Depois de uma maratona de eventos internacionais do Lide — Grupo de Líderes Empresariais, em que ouviu empresários e autoridades, com o Brasil como centro das discussões, o ex-governador de São Paulo João Doria avalia que o governo ainda não encontrou o ponto de diálogo com o empresariado e faz um apelo: "Vamos olhar para frente. Vamos colocar o Brasil olhando para frente, nada de ficar olhando no retrovisor, fazendo críticas ao passado, não vão perder mais tempo com isso". Cita, especialmente, o agronegócio: "Não pode haver uma visão de que o agro é bolsonarista, é isso ou aquilo. O agro é do Brasil. É preciso que o governo também compreenda isso e tire completamente da pauta questões ideológicas, partidárias, políticas e a visão do passado", diz.

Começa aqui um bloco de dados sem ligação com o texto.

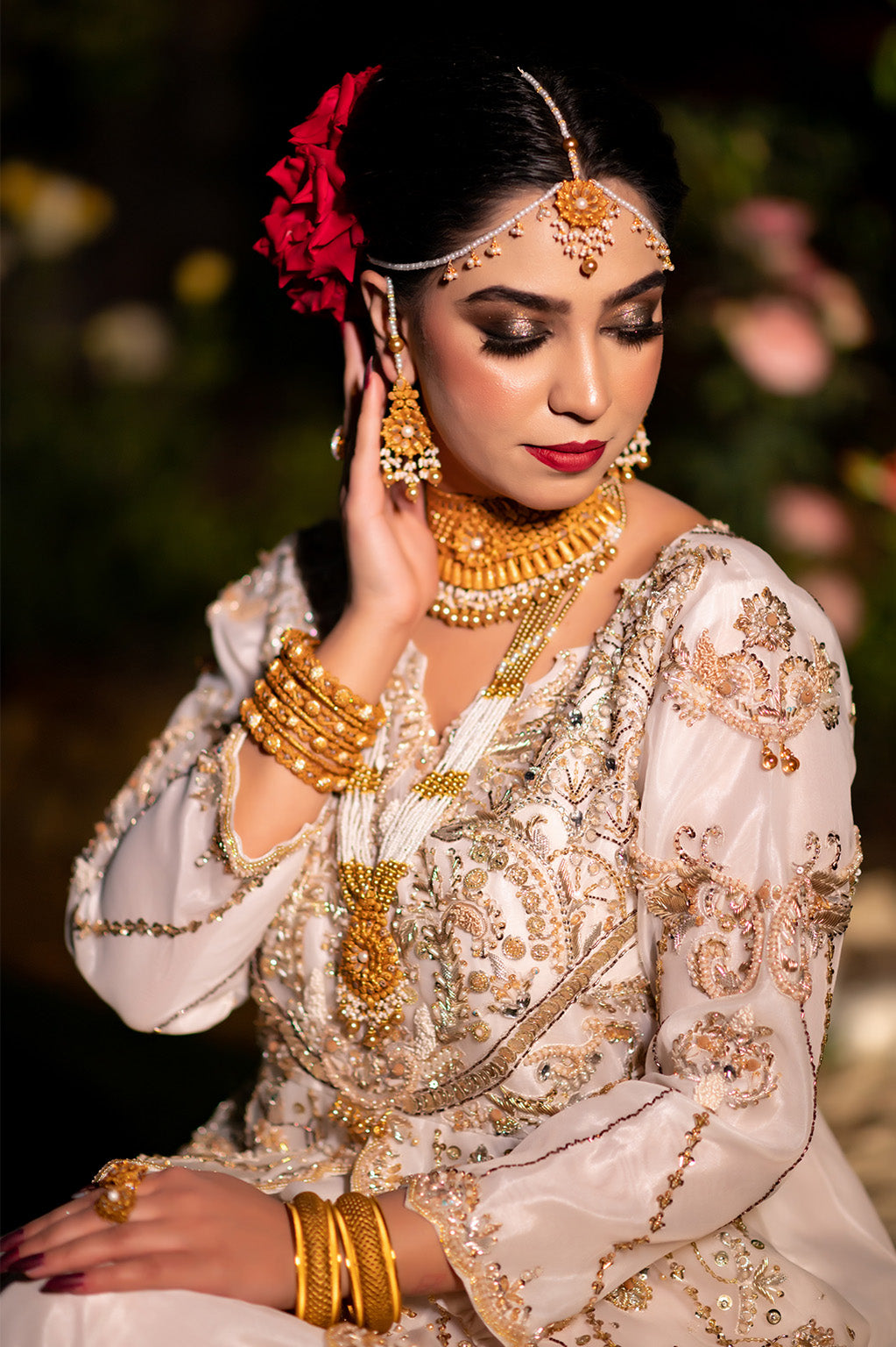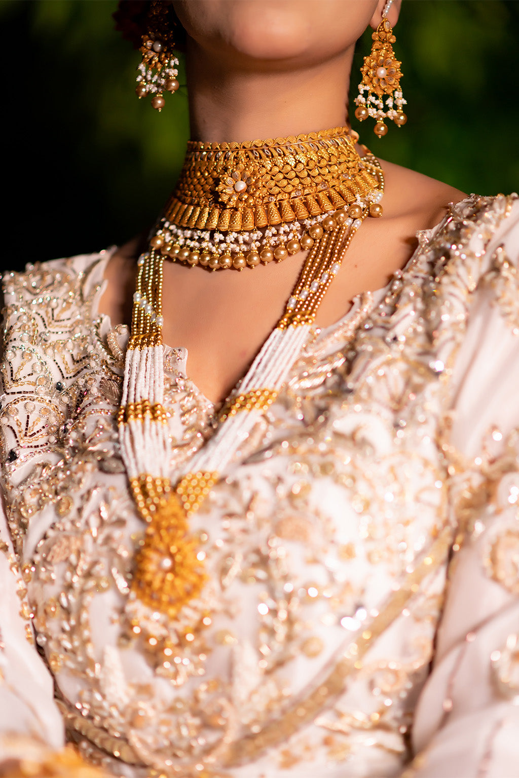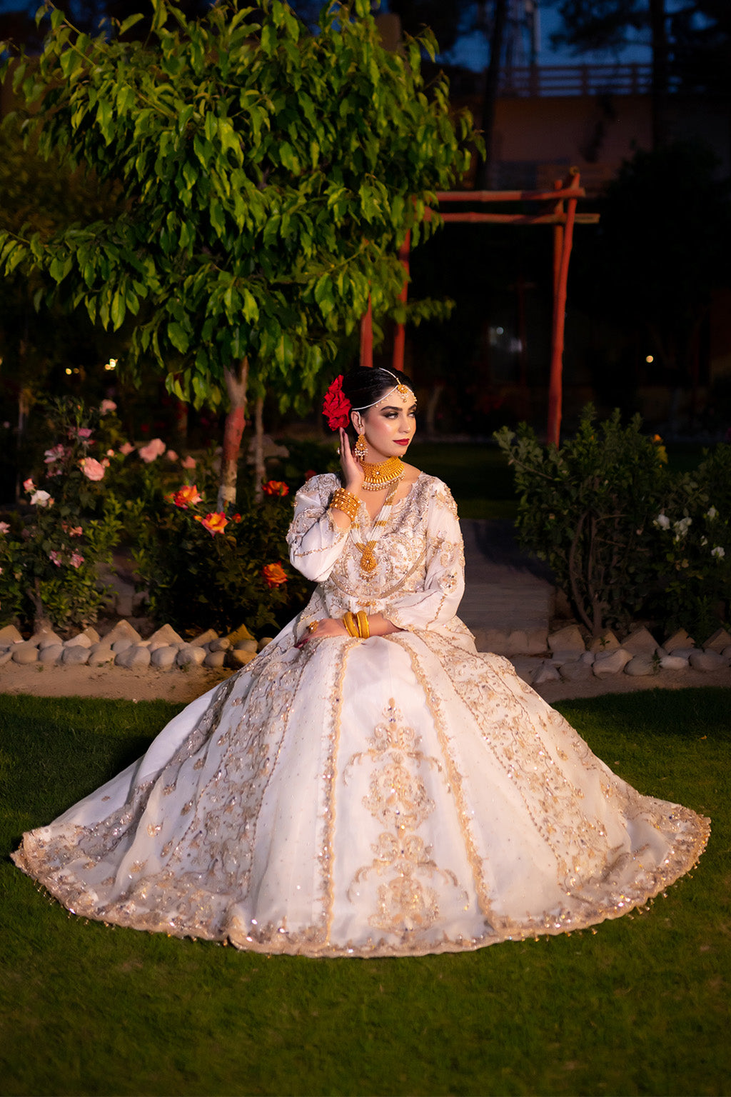 Discover Zarmina, an epitome of elegance and cultural heritage from Pakistan. This stunning bridal maxi is meticulously crafted from premium organza fabric, adorned with intricate sequin, zari, crystal, and resham embroidery. The detailed dapka work enhances its luxurious appeal, making it a perfect choice for brides who seek a blend of tradition and sophistication. Experience the beauty and artistry of Zarmina, designed to make your special day unforgettable.

Nesta entrevista ao Correio, Doria considera que, para que esse diálogo ocorra, Lula precisa estar mais presente no Brasil ou delegar mais ao vice, Geraldo Alckmin, experiente, que governou São Paulo por 16 anos. Doria elogia a postura do governo na área ambiental. Falou das dificuldades de negociação entre governo e Congresso e elogiou a decisão de Lula de priorizar a agenda ambiental. "Brasil deu um salto numa pauta onde a deficiência era total. O Brasil era um zero à esquerda", disse, ao lembrar-se da "vergonha" que passou, por ser brasileiro, na Cúpula do Clima de Glasgow, quando o presidente era Jair Bolsonaro.
Ainda cético em relação ao futuro do centro político e decidido a não voltar mais à vida pública, João Doria evita falar do PSDB. Mas revela quem apoiará, no ano que vem, para prefeito de São Paulo e dá um conselho ao governador, Tarcísio de Freitas: "Se afaste dos extremos".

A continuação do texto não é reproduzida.